Wednesday, April 26, 2017

A Classic Ace Double: Big Planet/Slaves of the Klau, by Jack Vance

Ace Double Reviews, 73: Big Planet, by Jack Vance/Slaves of the Klau, by Jack Vance (#D-295, 1958, $0.35)

by Rich Horton

I'm dipping again into my reserve of Ace Double reviews written a long time ago, as I haven't finished my latest Old (non)-Bestseller. But this book seems important to me, as it's by one of SF's greatest writers, and it features a couple of fairly interesting early works. Also, as I have lost my web host for my home page, and haven't found a new one yet, it's nice to get some of the older posts back online.

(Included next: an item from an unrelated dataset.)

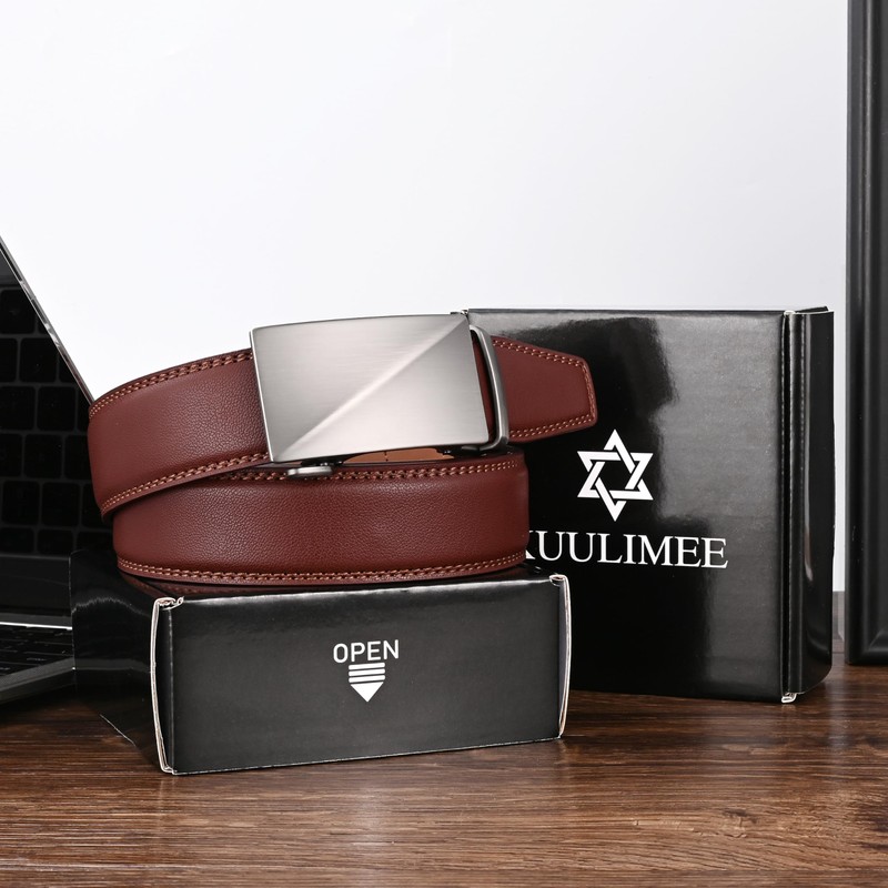 • KUULIMEE Belt men's automatic buckle belt leather ratchet belt for men width 35 mm suitable for suit trousers and jeans.

Jack Vance (real name John Holbrook Vance) was born in 1916, and died in 2013. He was one of the most original of SF writers, and had a remarkably characteristic prose style. He has been one of my favorite writers for a long time.

(Cover by Ed Emshwiller)

Somehow right from the beginning Don Wollheim decided that Jack Vance books should be backed with Jack Vance books. Did he think Vance so individual an author, so unique in appeal, that he was best marketed as a unit? At any rate, this is the first of 7 Ace Doubles (not counting reprints and repairings) to feature Vance, and all but one of them had Vance on both sides. This book features two novels originally printed in single issues of Standard Magazines/Better Publications pulps: Big Planet in the September 1952 Startling Stories, and Slaves of the Klau, under the title "Planet of the Damned", in the December 1952 Space Stories. Both original magazine publications were full-length novels, in fact, both were longer than the subsequent book versions. Big Planet was abridged for its hard cover publication by Avalon in 1957, and this shorter version is the one reprinted in this Ace Double. It is a bit over 50,000 words long, while the magazine publication was at least 60,000 words. Slaves of the Klau is more like 42,000 words in this edition, and it was somewhat over 50,000 words in the magazine. The original versions of each were restored in the Underwood-Miller limited editions of 1978 and 1982 respectively, with Slaves of the Klau retitled Gold and Iron. (Its third title.) For the Vance Integral Edition Vance's original, darker, ending to Gold and Iron was restored (I'm not sure if that's the case with the Underwood-Miller book.) I have also read somewhere that a longer manuscript version of Big Planet, cut for first publication, was later lost -- I'm not sure if that's true, or if that's someone's garbled version of the the way it was cut for the early book editions.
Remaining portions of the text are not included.